Senate Bill 2695, The Equal Opportunity for Students with Special Needs Act, creates a pilot program to give parents the option of withdrawing their child from a public school and receiving an Education Scholarship Account (ESA) with $6,500 to help pay for educational expenses outside the traditional public school. Funds would be distributed through a debit card and used for private school tuition, educational therapies, and tutoring.
SB 2695 has twenty-six (26) separate ACCOUNTABILITY measures to ensure that taxpayer funds are protected.
1) Students must have an active Individualized Education Program (IEP) within the past 18 months are eligible.
2) The pilot program is limited to 500 students in the first year and an additional 500 each year thereafter.
Education Scholarship Account Card
3) Funds are provided through a debit card similar to the one used by teachers for their teacher supply funds.
4) The Department of Finance and Administration (DFA) will manage the cards.
5) The program will be administered by the Department of Education.
6) DFA will pre-authorize categories of educational service providers (such as tutors, therapists, schools, curricula sellers, etc.). The cards will not work at any other type of business. (Meaning: you can’t use it at a liquor store).
7) Funds are distributed in quarterly payments.
8) No new funds are deposited until previous expenditures have been reviewed.
9) Participants must keep and return receipts to ensure compliance with the program.
10) Tuition costs at an accredited private schools.
11) Participating schools must provide parents with details of the school’s programs, qualifications, experience, and capacities to serve students with disabilities.
12) Therapists, tutors, or educational service providers must be licensed and/ or certified.
13) Assistive technology must have been deemed essential by a licensed professional.
14) No sharing of money is allowed between a provider and a program participant.
15) There will be a phone/ Internet hotline for anonymous reporting of suspected abuses.
16) If suspicious expenditures appear, additional documentation will be required, and quarterly payments will be suspended until the issue is resolved.
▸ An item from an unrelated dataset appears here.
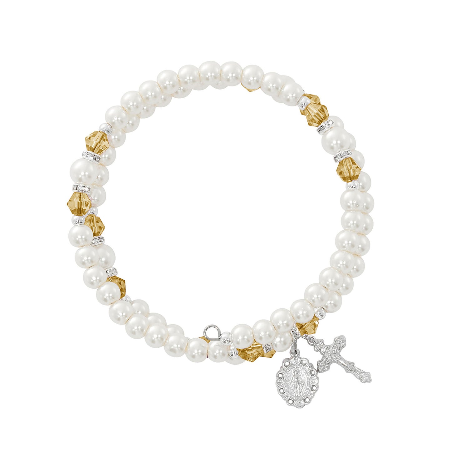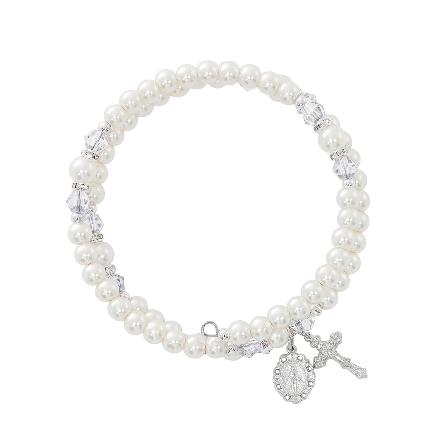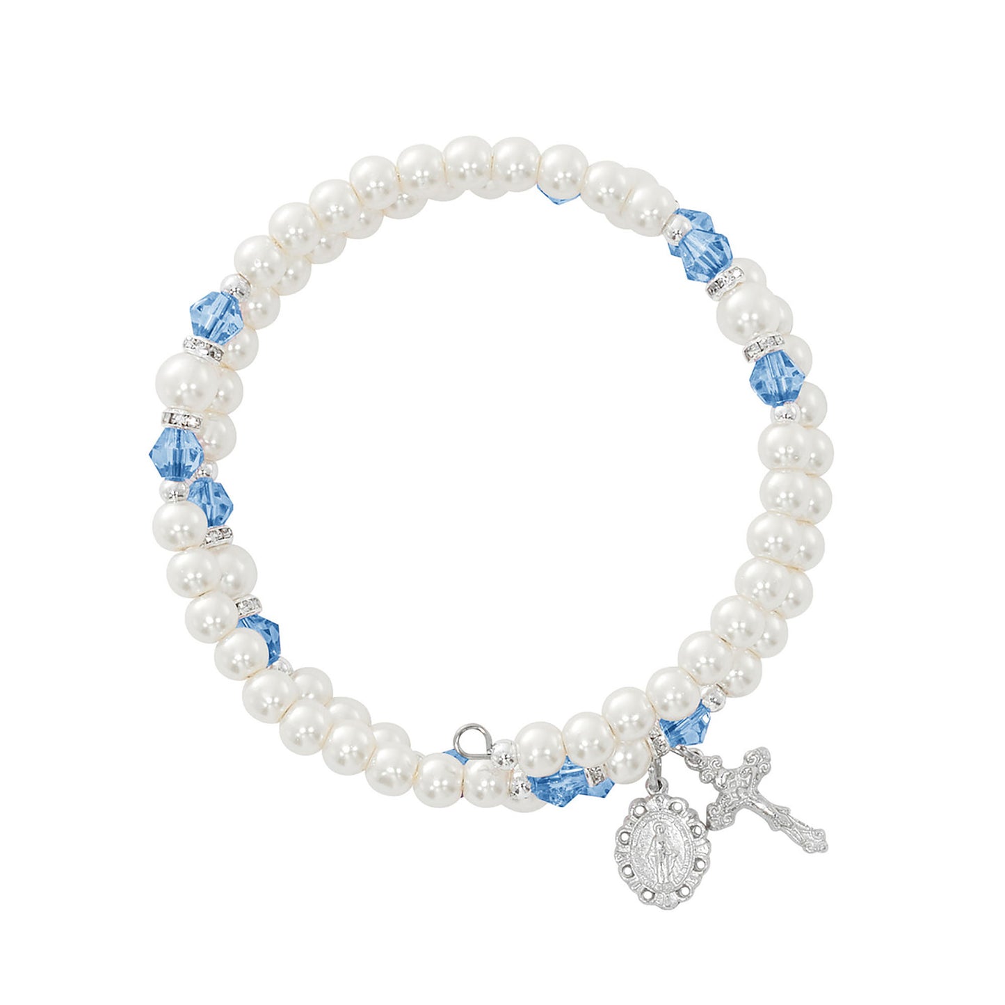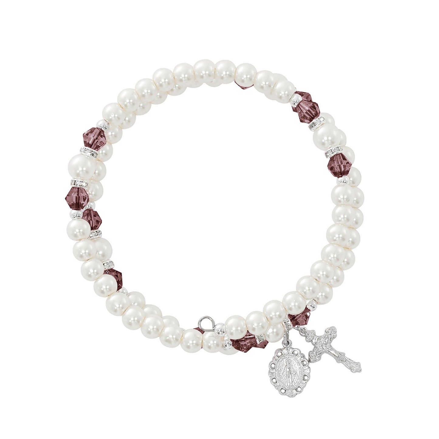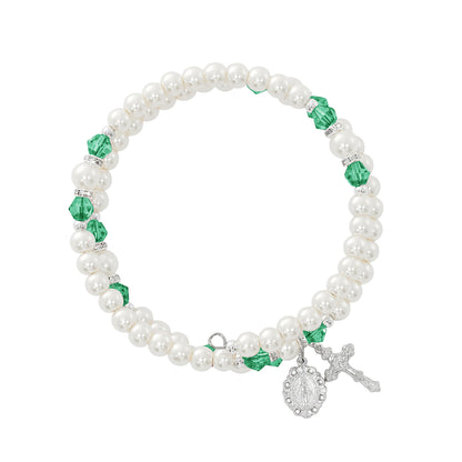 This lovely Rosary Wrap Bracelet features a full five decades, wrapping repeadtely around her wrist. The Our Father beads are flanked with crystal bicone beads, brilliantly faceted and available in the birthstone color for each month of the year. Rhinestone spacers accent the birthstone beads, making it even more elegant.Ā

17) If there is fraud, the student is disqualified from participation in the program and the student’s ESA is closed.
18) The same is true if parents unintentionally make impermissible purchases more than twice in a year, even if fraud is not present.
19) Three spending offenses within a consecutive three-year period shall disqualify the parent’s student from participating in the program.
20) Educational service providers can be removed and barred from the program if they are violating the law.
21) Abuse, fraud, or misuse will be reported to law enforcement officials.
22) ESAs will be audited annually.
23) Random audits will be performed throughout the year.
24) The Joint Legislative Committee on Performance Evaluation and Expenditure Review (PEER) shall prepare a biannual report beginning to assess the sufficiency of funding for ESAs and recommend any changes in state law or policy necessary to improve the program.
25) The bill includes a 5-year sunset provision, requiring the legislature to act to continue it.
26) Every 3 years a student must be re-evaluated to determine if they are still eligible.